What is needed: Would you repeat every entry below word for word but drop the images?

Stored data entries:
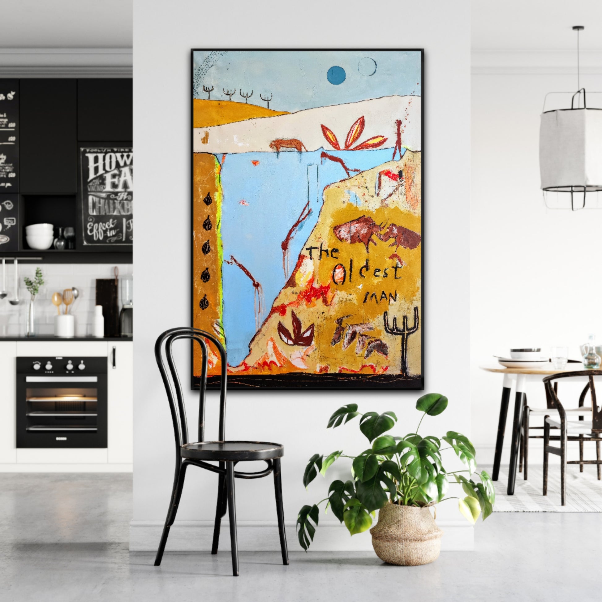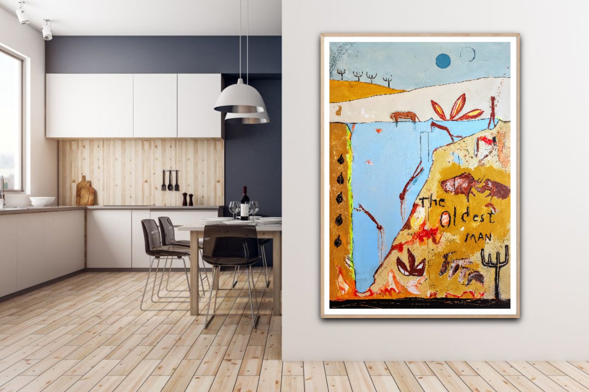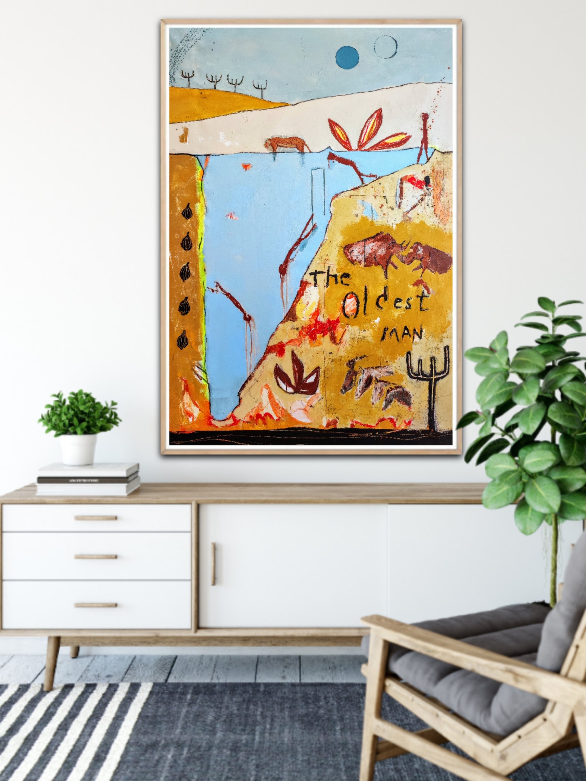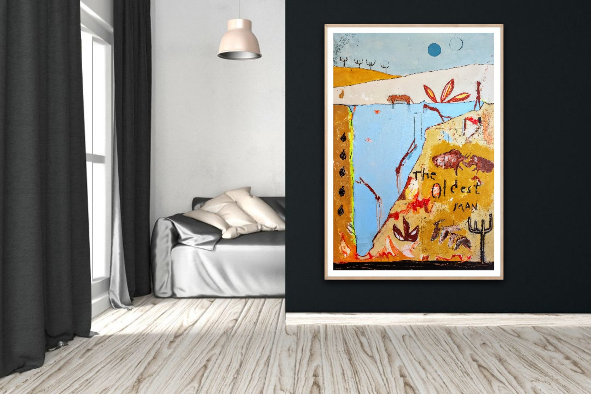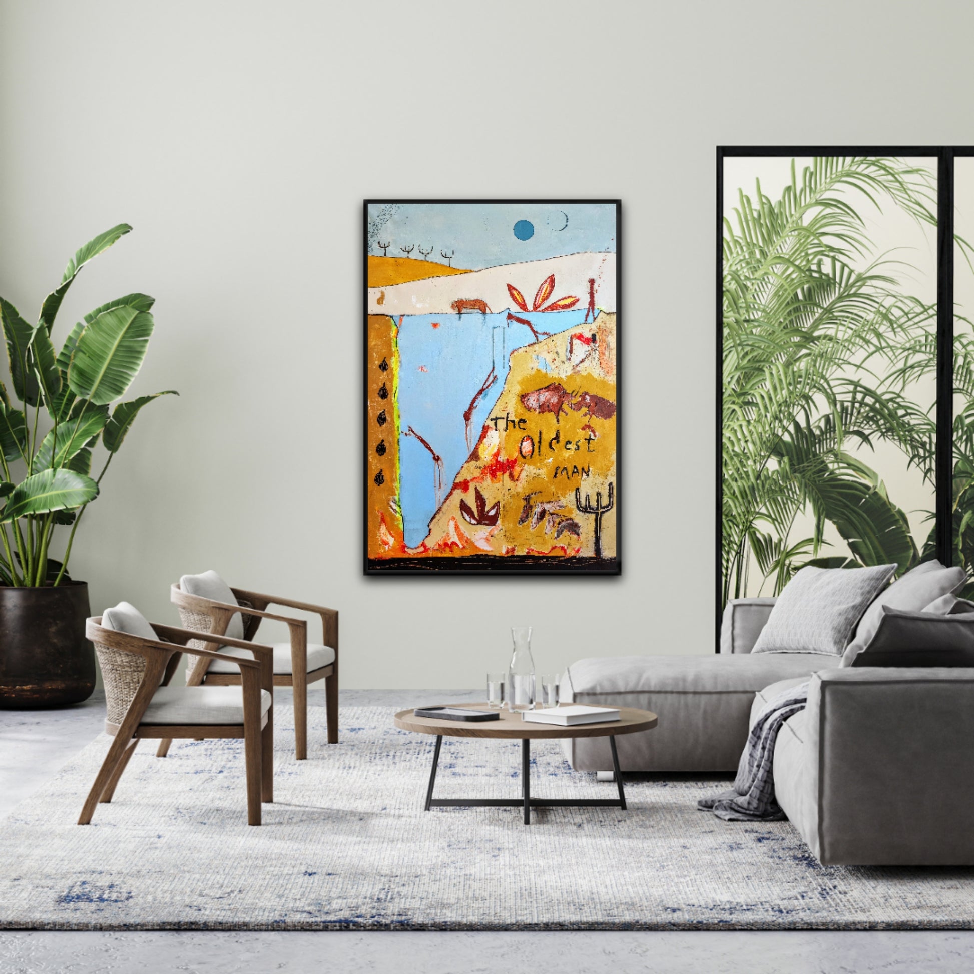 Técnica: acrílico, pigmentos, gesso, ceras, lápiz y pintura en spray.
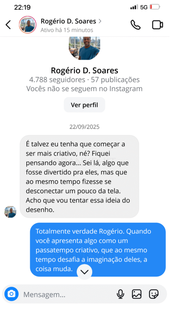 Muitos pais acreditam que é apenas “fase”, mas o excesso de estímulos digitais rouba a atenção, atrapalha a criatividade e até a forma como elas lidam com as emoções. Sem uma atividade saudável de expressão, elas podem se sentir desmotivadas e até inseguras sobre si mesmas.
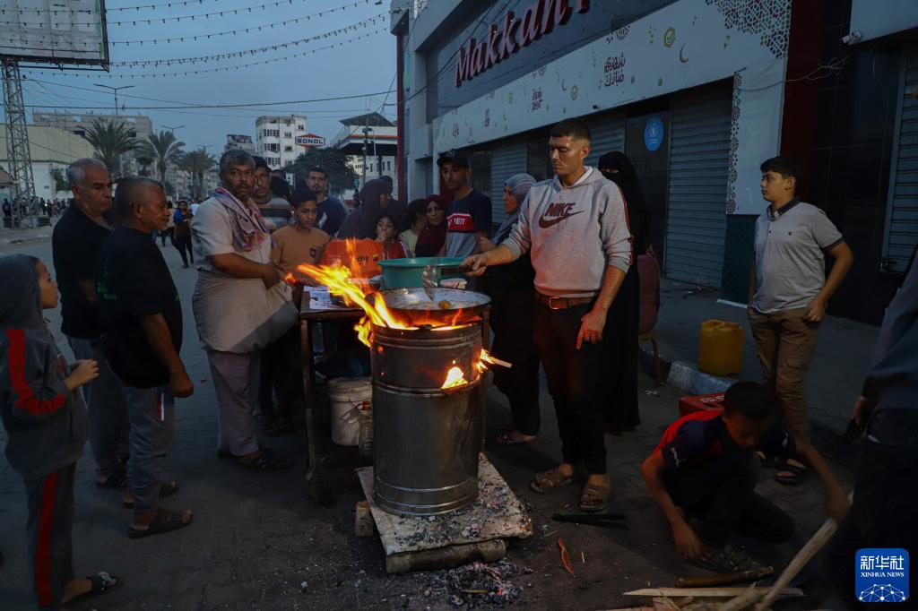 11月11日,人們在加沙地帶南部城市汗尤尼斯街頭用柴火做飯。
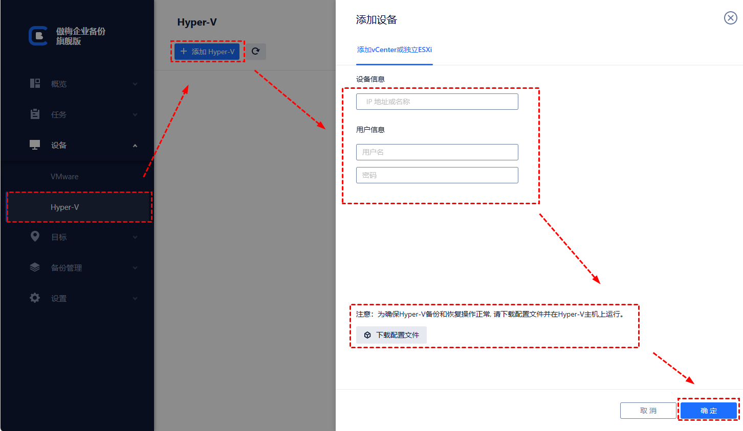 1. 綁定設(shè)備:訪(fǎng)問(wèn)傲梅網(wǎng)備份web客戶(hù)端,導(dǎo)航至設(shè)備> VMware/Hyper-V > +添加VMware設(shè)備/Hyper-V添加主機(jī)。然后點(diǎn)擊... >綁定設(shè)備。
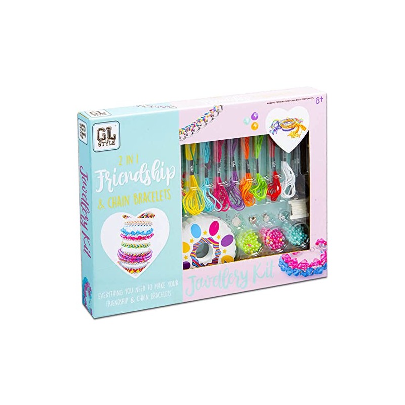 Design your own friendship bracelets to share with all your friends! Show off your creative skills and create your own bracelets with everything you need included in this kit. Product Information:• 2-in-1 Friendship and Chain Bracelet Kit• Jewellery Kit• GL Style• Ages: 8+ Warning: This product contains small parts. Not suitable for children under 3 years - choking hazard.
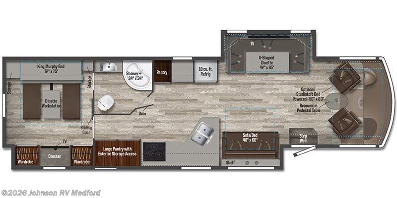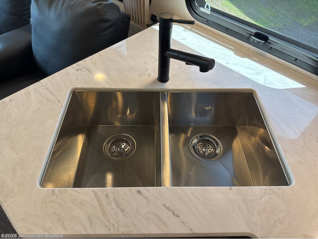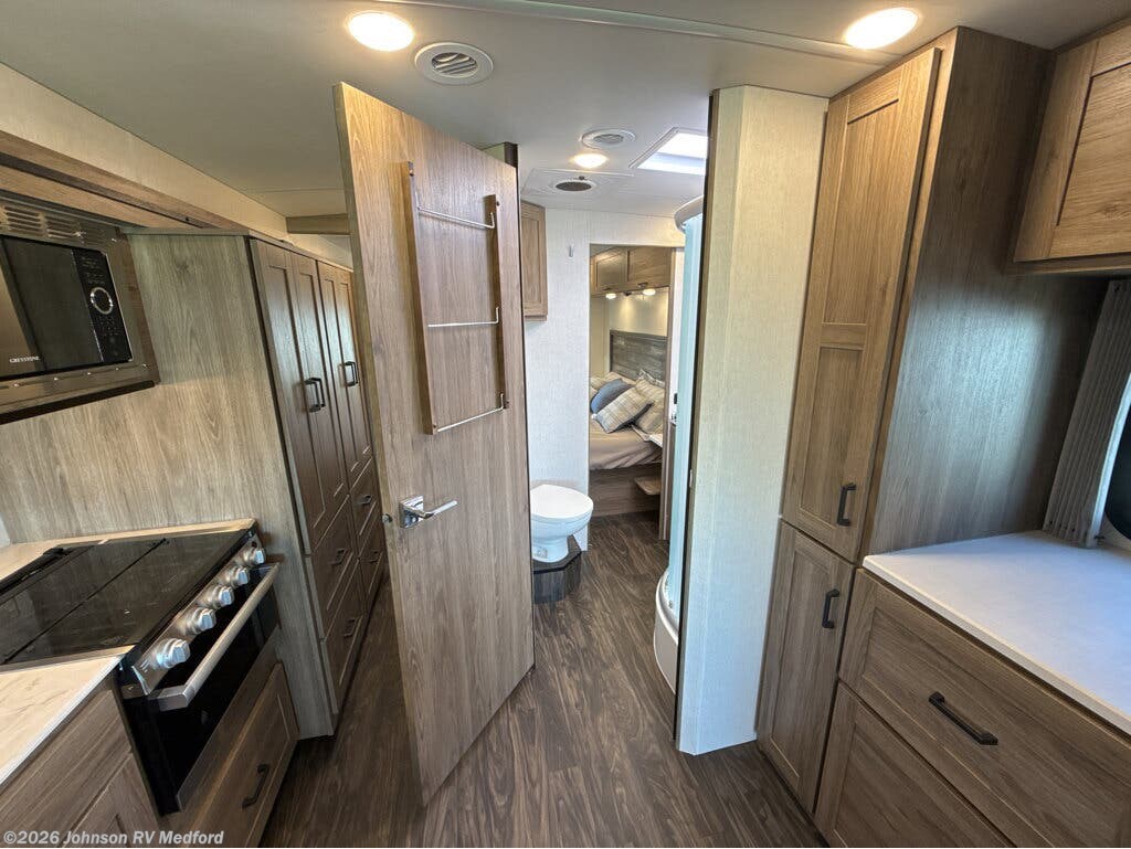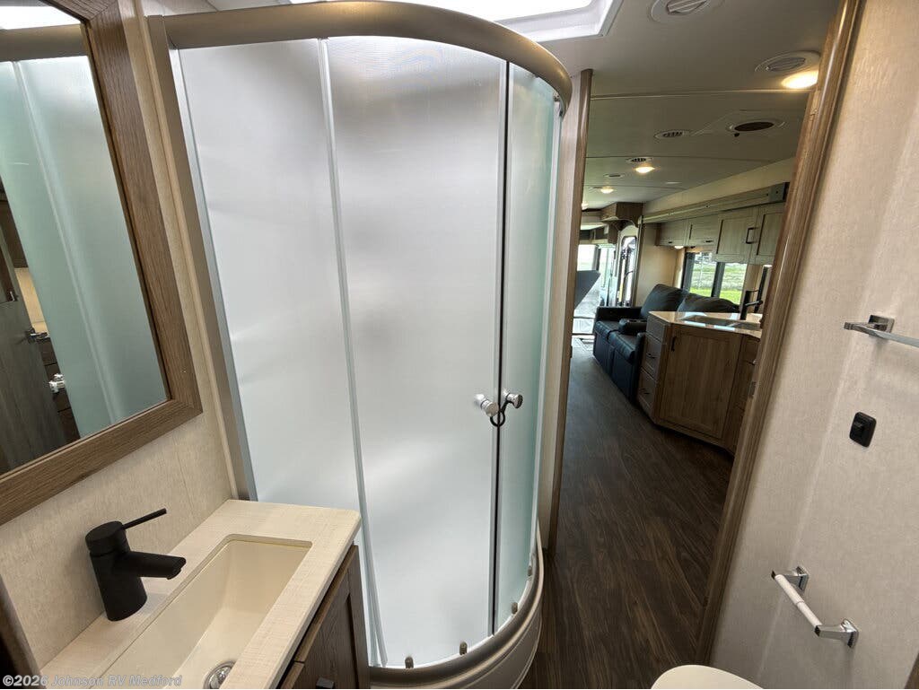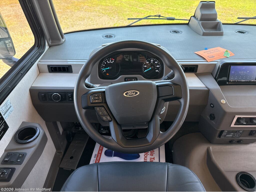 Features Include: 210-Amp Alternator, Hydraulic Brakes ABS, Swivel Cab Seats, Awning LED Lights, Auto Entry Steps, LED Interior Lights, Sofa Bed 40x66 (vbm), Pantry, Stainless Steel Sink, 12v Refrigerator, Auto Leveling System, Entertainment System, Overbed Storage, Reading Lights, King Bed 72x75, Nightstands, Wardrobes, Storage Under Bed, TV Prep Bathroom, Medicine Cabinet, Vanity Sink, Linen Storage, Skylight, Shower, Toilet, Solar Panel Prep, 76# LP Capacity, 30-Amp Service, 1000w Inverter, Low-Profile Furnace, Heated Tanks, Aluminum Framework, Fiberglass Roof, High-Gloss Sidewalls

Answer:
 Técnica: acrílico, pigmentos, gesso, ceras, lápiz y pintura en spray.
 Muitos pais acreditam que é apenas “fase”, mas o excesso de estímulos digitais rouba a atenção, atrapalha a criatividade e até a forma como elas lidam com as emoções. Sem uma atividade saudável de expressão, elas podem se sentir desmotivadas e até inseguras sobre si mesmas.
 11月11日,人們在加沙地帶南部城市汗尤尼斯街頭用柴火做飯。
 1. 綁定設(shè)備:訪(fǎng)問(wèn)傲梅網(wǎng)備份web客戶(hù)端,導(dǎo)航至設(shè)備> VMware/Hyper-V > +添加VMware設(shè)備/Hyper-V添加主機(jī)。然后點(diǎn)擊... >綁定設(shè)備。
 Design your own friendship bracelets to share with all your friends! Show off your creative skills and create your own bracelets with everything you need included in this kit. Product Information:• 2-in-1 Friendship and Chain Bracelet Kit• Jewellery Kit• GL Style• Ages: 8+ Warning: This product contains small parts. Not suitable for children under 3 years - choking hazard.
 Features Include: 210-Amp Alternator, Hydraulic Brakes ABS, Swivel Cab Seats, Awning LED Lights, Auto Entry Steps, LED Interior Lights, Sofa Bed 40x66 (vbm), Pantry, Stainless Steel Sink, 12v Refrigerator, Auto Leveling System, Entertainment System, Overbed Storage, Reading Lights, King Bed 72x75, Nightstands, Wardrobes, Storage Under Bed, TV Prep Bathroom, Medicine Cabinet, Vanity Sink, Linen Storage, Skylight, Shower, Toilet, Solar Panel Prep, 76# LP Capacity, 30-Amp Service, 1000w Inverter, Low-Profile Furnace, Heated Tanks, Aluminum Framework, Fiberglass Roof, High-Gloss Sidewalls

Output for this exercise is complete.